### [DIRECTIONS]
Write out, word for word and with no pictures, each line below from the one containing "- 284Реестр организаций, получивших" through the one containing "Mrs. Alden, who", both included, and no other line.

### [AVAILABLE DATA]
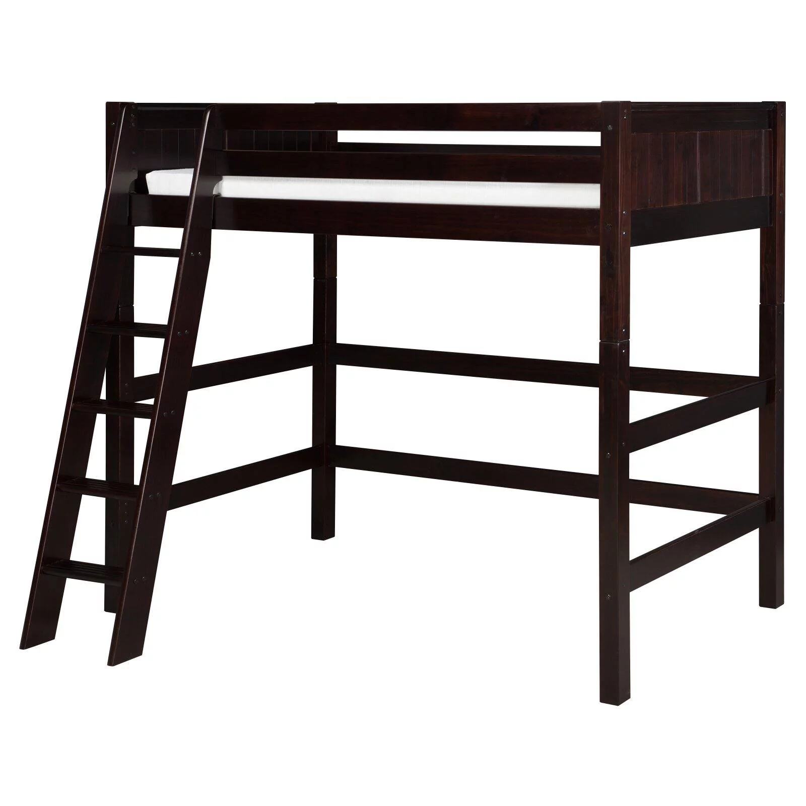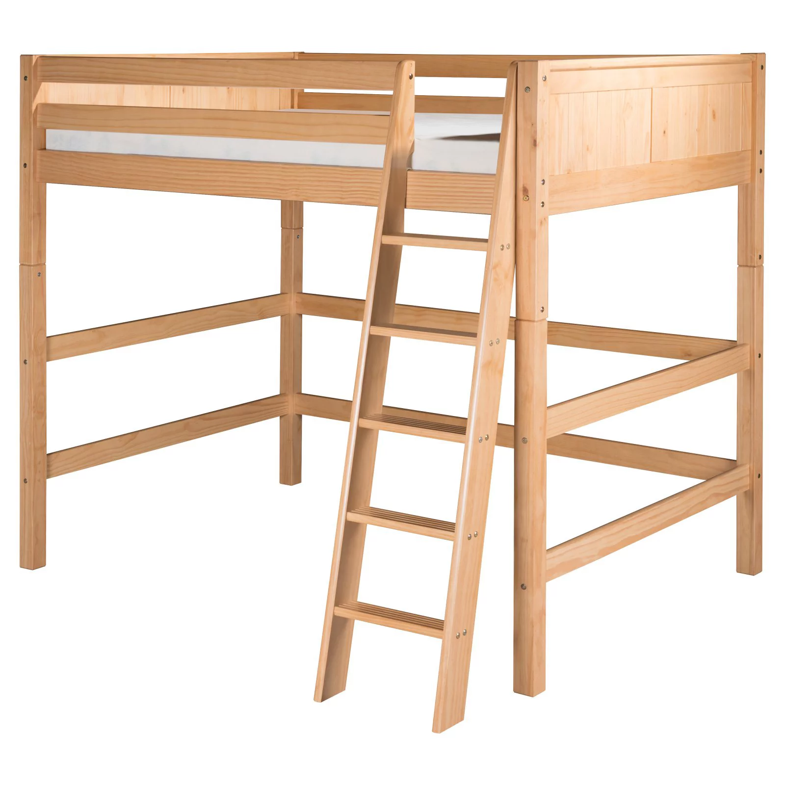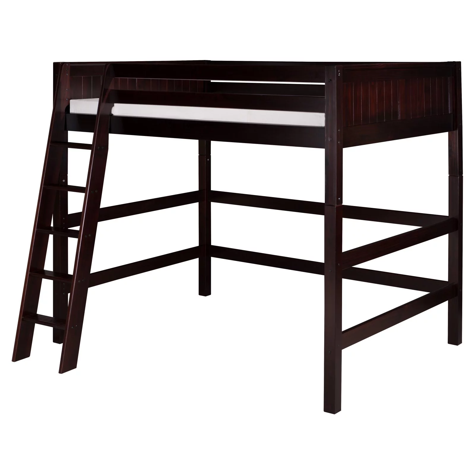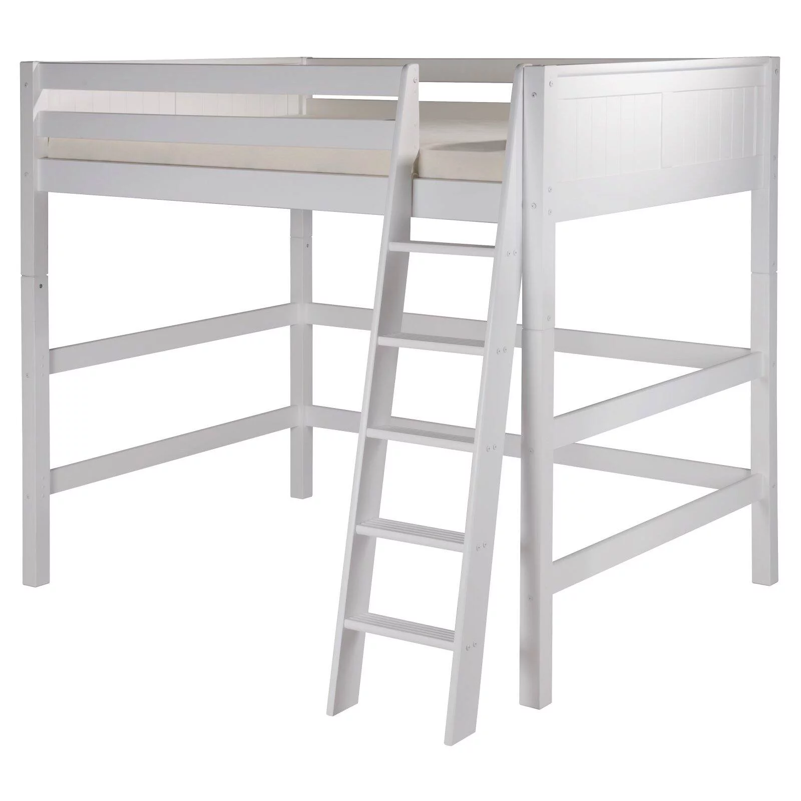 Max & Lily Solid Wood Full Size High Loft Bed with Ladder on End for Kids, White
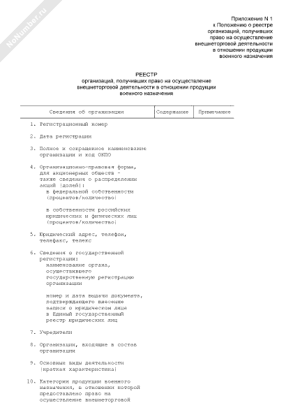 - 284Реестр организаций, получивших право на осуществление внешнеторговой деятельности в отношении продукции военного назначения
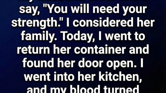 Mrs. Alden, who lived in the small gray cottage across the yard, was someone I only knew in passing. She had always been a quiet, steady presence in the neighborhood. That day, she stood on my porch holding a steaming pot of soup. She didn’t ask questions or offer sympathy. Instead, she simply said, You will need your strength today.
* * *
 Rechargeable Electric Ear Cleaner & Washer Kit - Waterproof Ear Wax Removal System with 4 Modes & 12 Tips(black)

### [PROBLEM SOLUTION]
 - 284Реестр организаций, получивших право на осуществление внешнеторговой деятельности в отношении продукции военного назначения
 Mrs. Alden, who lived in the small gray cottage across the yard, was someone I only knew in passing. She had always been a quiet, steady presence in the neighborhood. That day, she stood on my porch holding a steaming pot of soup. She didn’t ask questions or offer sympathy. Instead, she simply said, You will need your strength today.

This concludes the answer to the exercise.